Skin rash is thought to be a cardinal feature of NLRP3-AID. It can migrate and fluctuate in intensity but is usually persistent or recurrent throughout life. According to the EUROFEVER series, an urticaria-like rash is present in 89% of patients; only 3% lack cutaneous manifestations . Although our patient did have a rash on the abdomen a few times, its non-urticarial and non-persistent character is quite atypical for NLRP3-AID, raising the possibility that it was unrelated to the latter.
Eosinophilia has been reported in moderate to severe forms of NLRP3-AID  In a retrospective study, serum eosinophilia above 1500/mm3 was reported in 7.9% of the 76 NLRP3-AID patients involved . However, eosinophilic organ involvement in the setting of NLRP3-AID appears rarer. In the first case series of severe NRLP3-AID by Prieur et al. in 1987, eosinophilic infiltration of the skin, lymph nodes, and cerebrospinal fluid was described . In 2001, liver biopsy revealed the presence of an inflammatory eosinophilic infiltrate in a patient with severe NLRP3-AID . Our patient developed eosinophilic intestinal infiltration, which has never been reported. The pathogenesis underlying serum and tissue eosinophilia in NLRP3-AID remains unclear. NLRP3-deficient mice were shown to have reduced serum interleukin-5 level and lung eosinophilia, suggesting that the NLRP3 inflammasome induces production of pro-eosinophilic cytokines . Indeed, functional analysis of peripheral blood mononuclear cells in NLRP3-AID patients revealed increased secretion of interleukin-3 and − 5, which both stimulate eosinophil production .

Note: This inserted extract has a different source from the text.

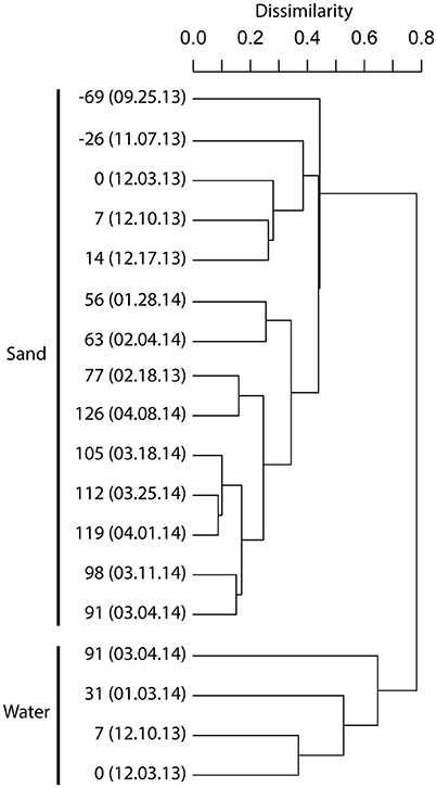 ABBILDUNG 2. DENDROGRAMM, DAS DIE ZUSAMMENSETZUNGSBEZIEHUNGEN DER BAKTERIENGEMEINSCHAFT ZWISCHEN BIOFILTERSAND- UND BIOFILTERWASSERPROBEN VERANSCHAULICHT . Ein Complete-Linkage-Dendogramm wird anhand von Bray-Curtis-Stichproben-Unähnlichkeitsbeziehungen dargestellt, die auf Knotenverteilungen der minimalen Entropiezerlegung zwischen Stichproben basieren (V6-Datensatz). Die Blätter des Dendrogramms sind mit der Tageszählung beschriftet, wobei 0 den Beginn eines Fischaufzuchtzyklus darstellt. Negative Zahlen sind Tage vor einem neuen Aufzuchtzyklus. Auf die Tageszählung folgt das Datum der Probenahme (MM.TT.JJ). Siehe Tabelle S1 für Beispielmetadaten. |

Although less prevalent than in familial Mediterranean fever and Tumor necrosis factor receptor-1 associated periodic syndrome, inflammation of pericardial and pleural membranes has been reported in NLRP3-AID . Our patient presented two distinct episodes of pleuritis, and one episode of pericarditis. He also developed three episodes of pseudoseptic arthritis. Each of these episodes had no clear trigger, lasted a few weeks up to 2 months, and recurred every few years. Although inflammatory arthritis and more rarely erosive synovitis are well documented in the spectrum of NLRP3-AID, only one case report has reported results of synovial fluid analysis performed in two patients . The latter revealed markedly elevated white blood cell count similar to our patient.

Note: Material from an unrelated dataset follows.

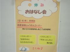 中休み図書コーナーでは、図書館司書さんと図書ボランティアの方によるおはなし会が開かれました。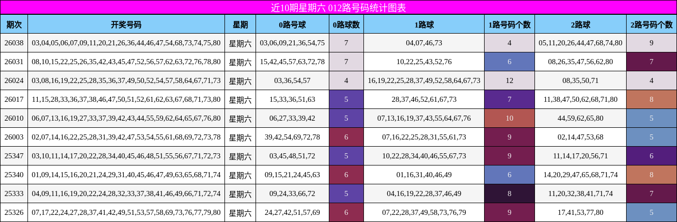 012路分析:0路与2路或成双热,1路保持稳定

In summary, we report a unique case of severe NLRP3-AID associated with a sporadic NLRP3 mutation c.1991T > C who presented with serum and tissue eosinophilia, pseudoseptic serositis and no urticaria-like rash, leading to marked diagnostic delay and irreversible sequelae. Therefore, NLRP3-AID should be suspected in patients displaying autoinflammatory features combined with serum and tissue eosinophilia and/or marked serositis, regardless of skin involvement.
Feldmann J, Prieur AM, Quartier P, Berquin P, Certain S, Cortis E, et al. Chronic infantile neurological cutaneous and articular syndrome is caused by mutations in CIAS1, a gene highly expressed in polymorphonuclear cells and chondrocytes. Am J Hum Genet. 2002;71(1):198–203.
Levy R, Gérard L, Kuemmerle-Deschner J, et al. Phenotypic and genotypic characteristics of cryopyrin-associated periodic syndrome: a series of 136 patients from the Eurofever Registry. Ann Rheum Dis. 2015;74:2043–9.
Aksentijevich I, Nowak M, Mallah M, et al. De Novo CIAS1 Mutations, Cytokine Activation, and Evidence for Genetic Heterogeneity in Patients With Neonatal-Onset Multisystem Inflammatory Disease (NOMID): A New Member of the Expanding Family of Pyrin-Associated Autoinflammatory Diseases. Arthritis Rheum. 2002;46(12):3340–8.
Kuemmerle-Deschner JB, Lohse P, Koetter I, et al. NLRP3 E311K mutation in a large family with Muckle-Wells syndrome - description of a heterogeneous phenotype and response to treatment. Arthritis Res Ther. 2011;13(6):R196.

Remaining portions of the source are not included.